Das vorliegende Buch verknüpft auf den ersten Blick Ethnografie und Pornografie. Wer an die Klassiker ethnografischer Feldforschung denkt (Malinowski, Whyte und andere), mag sich vage erinnern, dass deren Studien überwiegend im angezogenen Zustand stattfanden – soweit man weiß. Nun tritt, dank Tobias Boll, die im Feld hervorgerufene Lust an der Lust in den Vordergrund und wird zum Reflexionsgegenstand. Thema seiner Mainzer Dissertation bei Stefan Hirschauer sind homoerotische Internetkontakte in der direkten Bild-zu-Bild-Übertragung, und der Autor nimmt den Mund nicht zu voll, wenn er „Einblick aus ‚erster Hand‘ in die nötigen Körperpraktiken“ verspricht (S. 261). Das thematisierte „lüsterne Geschehen“ (S. 13) behandelt überwiegend sexualisierte Kommunikationen mit Mitgliedern einer mehr oder weniger anonymen Online-Community. „Mitglieder“ darf hier getrost buchstäblich verstanden werden, denn die übliche Bildroutine bei diesem Austausch stellt „der kopflose Torso mit erigiertem Penis“ dar (S. 70). Es geht also um Männer, die dank Webcam-Ausrüstung und stabilem WLAN-Empfang vor- und füreinander masturbieren.

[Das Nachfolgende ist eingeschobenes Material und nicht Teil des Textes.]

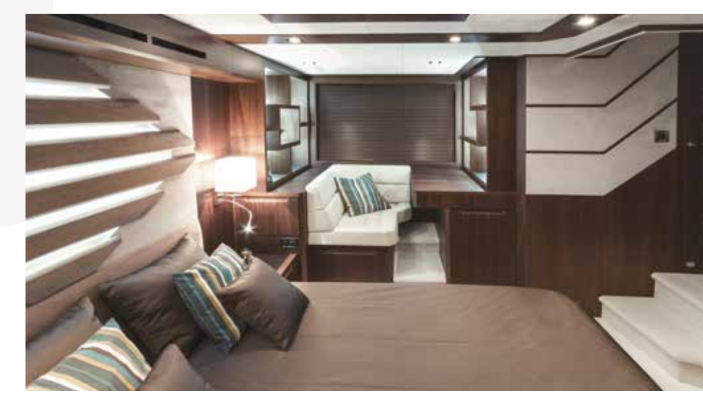
The master stateroom offers sumptuous space to enjoy private time in ultimate comfort. Enjoy morning coffee with a view on the en-suite settee.

Das forschende Bewusstsein muss ein wenig Platz einräumen für die körperliche Erregung, denn Boll mischt im Sinne autoethnografischer Körper(selbst)erfahrung tatkräftig mit. Man kann das durchaus „mediatisierte[r] Sexualität“ nennen (S. 2), schließlich schieben sich zwischen die körperlich Agierenden Kamera und Bildschirm, durch die der räumliche Abstand visuell überwunden wird. Aus dem sonst üblichen masturbatorischen Solipsismus wird auf der gewählten Webseite (deren Name der Autor prüde verschleiert) ein Interaktionsgeschehen auf Sicherheitsabstand. Das wirkt erfrischend aktuell, das Material stammt aber noch aus vorpandemischer Zeit. Boll interessiert, neben vielem anderen, wie „Körper in Bilder transformiert“ werden (S. 2). Sein Fokus gilt gewissermaßen einer epistemologischen Reduktion: weg vom Live-Akt zur Zweidimensionalität, mit nicht weniger, sondern eher mit mehr, zumindest aber mit anderem Erregungspotenzial.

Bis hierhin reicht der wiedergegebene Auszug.